Among the lines below, output only those between the line holding "Haori vintage de" and the line holding "一般来说,这样的方式要真正发", inclusive, exactly as written and with no pictures.

- Records for this task
^^^^

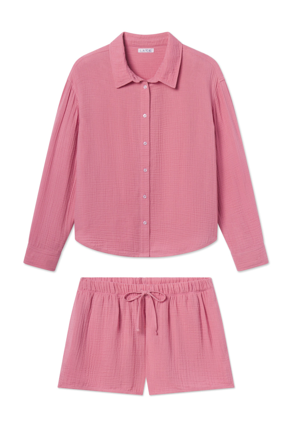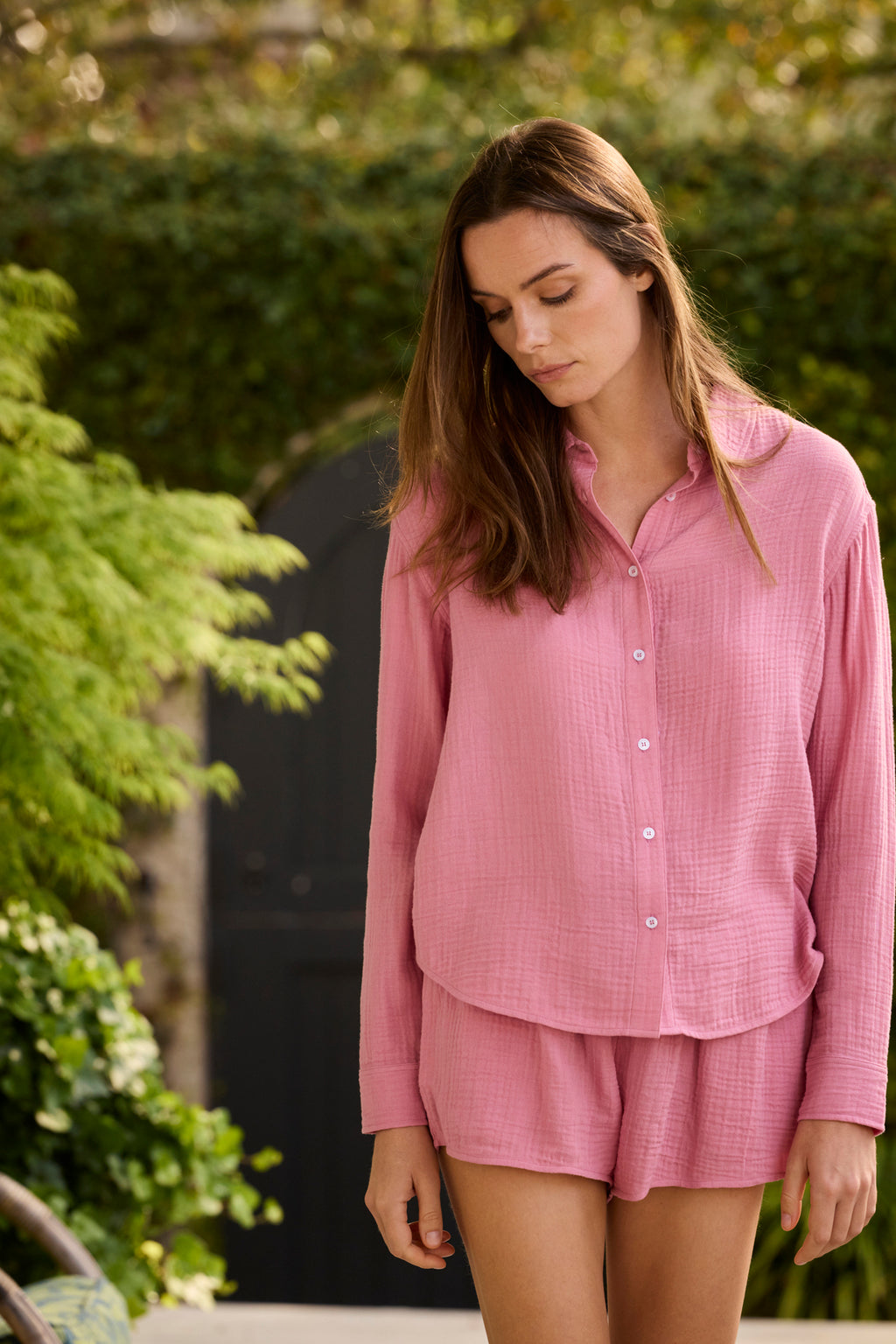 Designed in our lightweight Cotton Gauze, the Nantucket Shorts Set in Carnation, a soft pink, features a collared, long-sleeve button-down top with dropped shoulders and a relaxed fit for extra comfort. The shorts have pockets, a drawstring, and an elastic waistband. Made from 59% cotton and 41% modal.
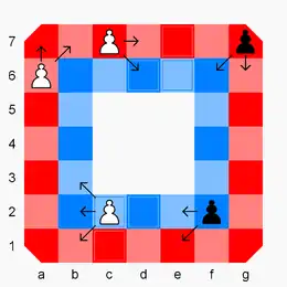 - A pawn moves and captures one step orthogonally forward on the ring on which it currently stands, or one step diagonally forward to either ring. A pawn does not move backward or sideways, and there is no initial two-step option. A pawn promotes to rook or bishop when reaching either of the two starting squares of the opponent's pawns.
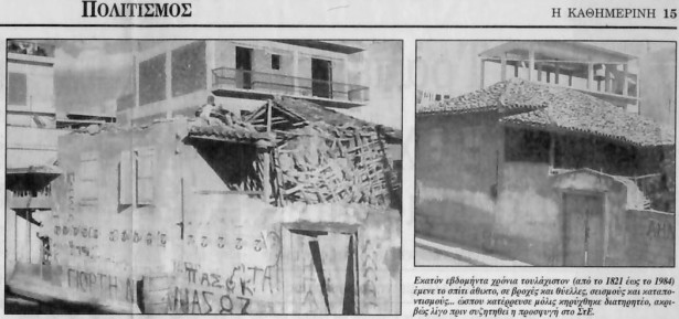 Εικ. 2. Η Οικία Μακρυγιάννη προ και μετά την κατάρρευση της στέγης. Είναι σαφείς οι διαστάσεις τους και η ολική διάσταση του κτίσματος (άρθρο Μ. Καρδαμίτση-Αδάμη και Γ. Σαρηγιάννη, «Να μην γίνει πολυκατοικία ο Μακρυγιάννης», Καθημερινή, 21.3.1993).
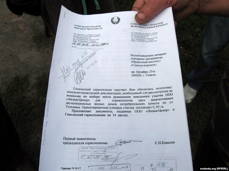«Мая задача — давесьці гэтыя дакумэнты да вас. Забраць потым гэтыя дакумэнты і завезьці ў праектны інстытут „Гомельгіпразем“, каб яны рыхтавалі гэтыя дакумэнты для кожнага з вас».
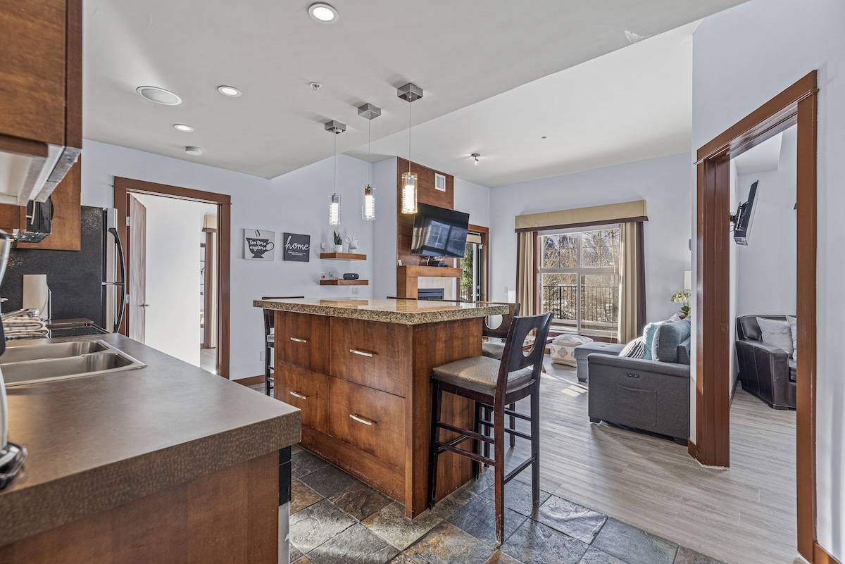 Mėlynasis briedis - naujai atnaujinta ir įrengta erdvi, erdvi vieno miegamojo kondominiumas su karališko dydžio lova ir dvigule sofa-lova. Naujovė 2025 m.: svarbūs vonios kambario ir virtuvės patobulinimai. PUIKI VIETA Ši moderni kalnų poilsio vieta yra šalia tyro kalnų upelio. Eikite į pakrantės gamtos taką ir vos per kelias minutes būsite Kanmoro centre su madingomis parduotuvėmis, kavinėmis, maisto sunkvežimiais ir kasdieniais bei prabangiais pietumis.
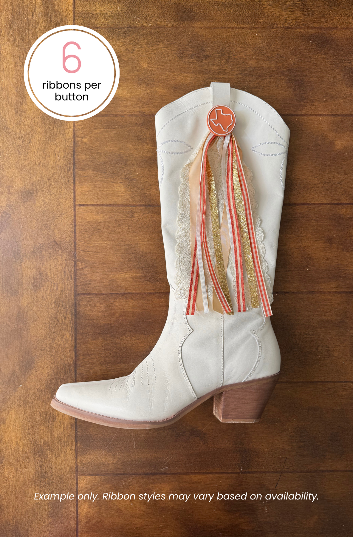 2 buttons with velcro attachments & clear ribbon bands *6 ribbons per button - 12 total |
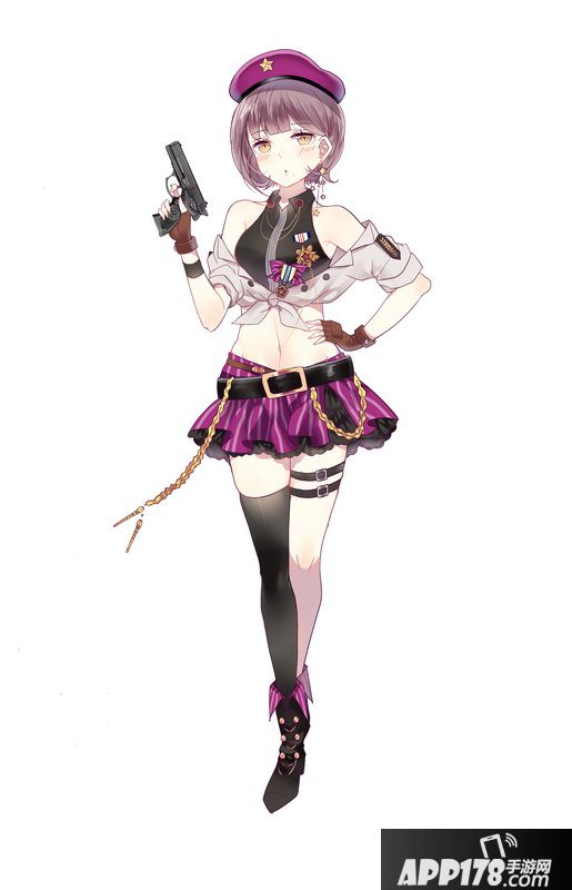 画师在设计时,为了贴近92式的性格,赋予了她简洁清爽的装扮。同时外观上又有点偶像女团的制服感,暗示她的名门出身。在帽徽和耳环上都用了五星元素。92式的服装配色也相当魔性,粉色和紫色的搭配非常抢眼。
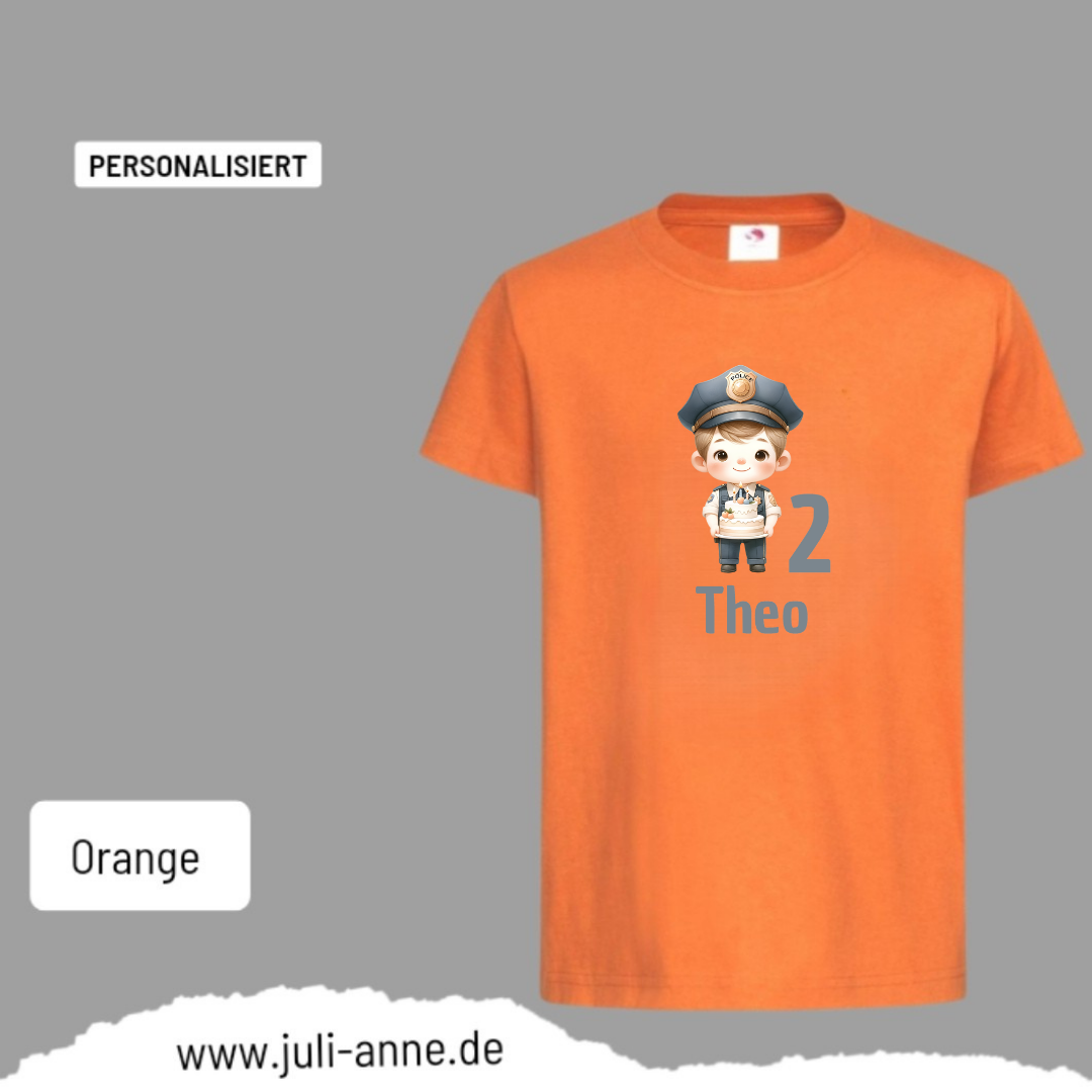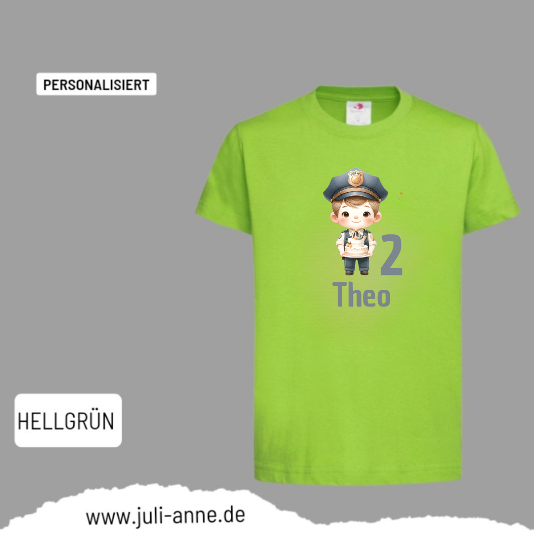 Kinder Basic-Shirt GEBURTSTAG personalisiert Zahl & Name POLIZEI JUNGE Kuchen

^^^^

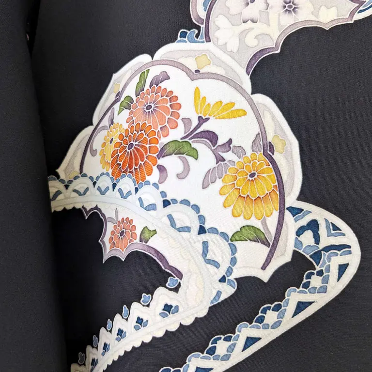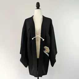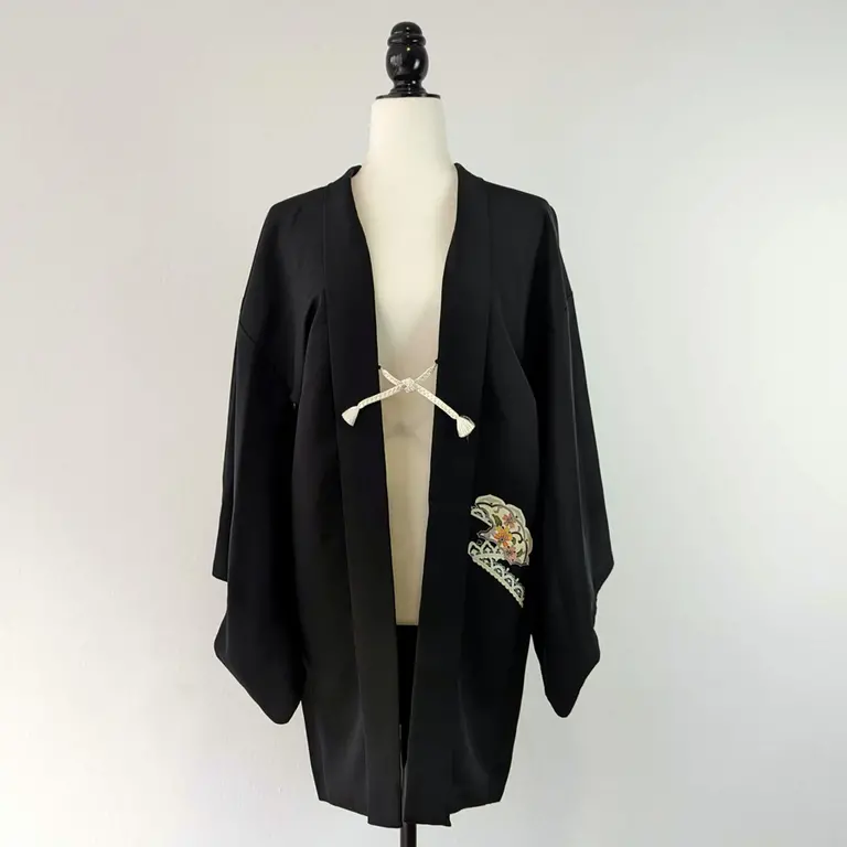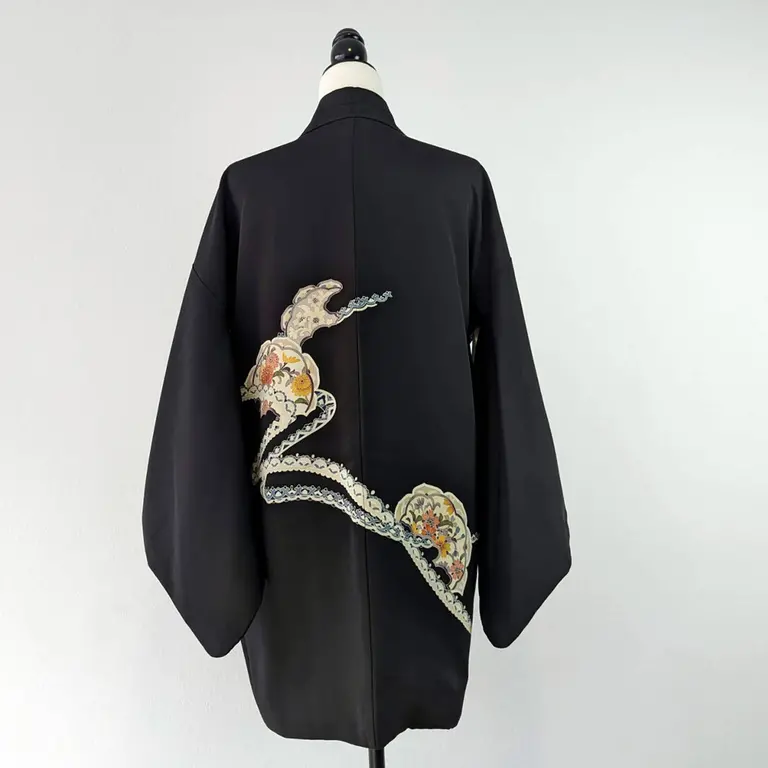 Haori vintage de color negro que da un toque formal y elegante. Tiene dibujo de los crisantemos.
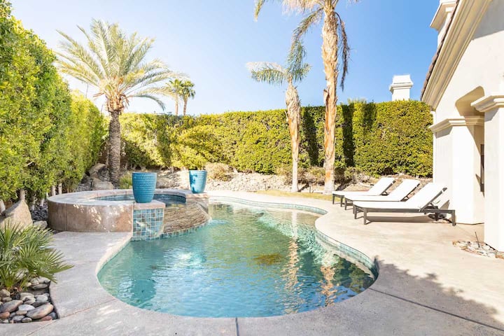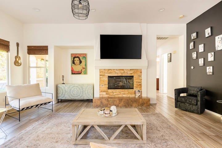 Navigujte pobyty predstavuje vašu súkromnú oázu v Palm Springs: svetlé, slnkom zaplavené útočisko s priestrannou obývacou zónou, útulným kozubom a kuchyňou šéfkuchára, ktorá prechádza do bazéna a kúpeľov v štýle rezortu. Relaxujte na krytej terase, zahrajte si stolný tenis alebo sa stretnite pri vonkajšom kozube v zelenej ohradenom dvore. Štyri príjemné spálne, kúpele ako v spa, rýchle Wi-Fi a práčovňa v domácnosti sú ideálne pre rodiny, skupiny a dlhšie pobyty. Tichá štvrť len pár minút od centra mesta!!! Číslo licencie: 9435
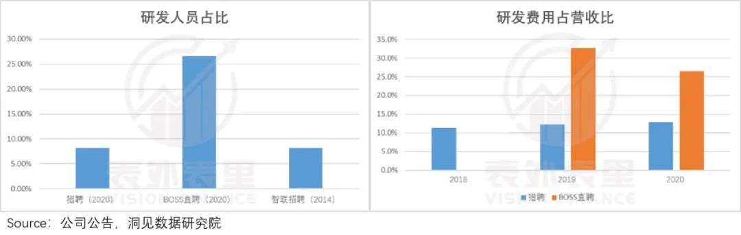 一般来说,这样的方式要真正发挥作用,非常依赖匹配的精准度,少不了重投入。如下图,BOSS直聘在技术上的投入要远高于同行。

^^^^

- Answer to this problem
 Haori vintage de color negro que da un toque formal y elegante. Tiene dibujo de los crisantemos.
 Navigujte pobyty predstavuje vašu súkromnú oázu v Palm Springs: svetlé, slnkom zaplavené útočisko s priestrannou obývacou zónou, útulným kozubom a kuchyňou šéfkuchára, ktorá prechádza do bazéna a kúpeľov v štýle rezortu. Relaxujte na krytej terase, zahrajte si stolný tenis alebo sa stretnite pri vonkajšom kozube v zelenej ohradenom dvore. Štyri príjemné spálne, kúpele ako v spa, rýchle Wi-Fi a práčovňa v domácnosti sú ideálne pre rodiny, skupiny a dlhšie pobyty. Tichá štvrť len pár minút od centra mesta!!! Číslo licencie: 9435
 一般来说,这样的方式要真正发挥作用,非常依赖匹配的精准度,少不了重投入。如下图,BOSS直聘在技术上的投入要远高于同行。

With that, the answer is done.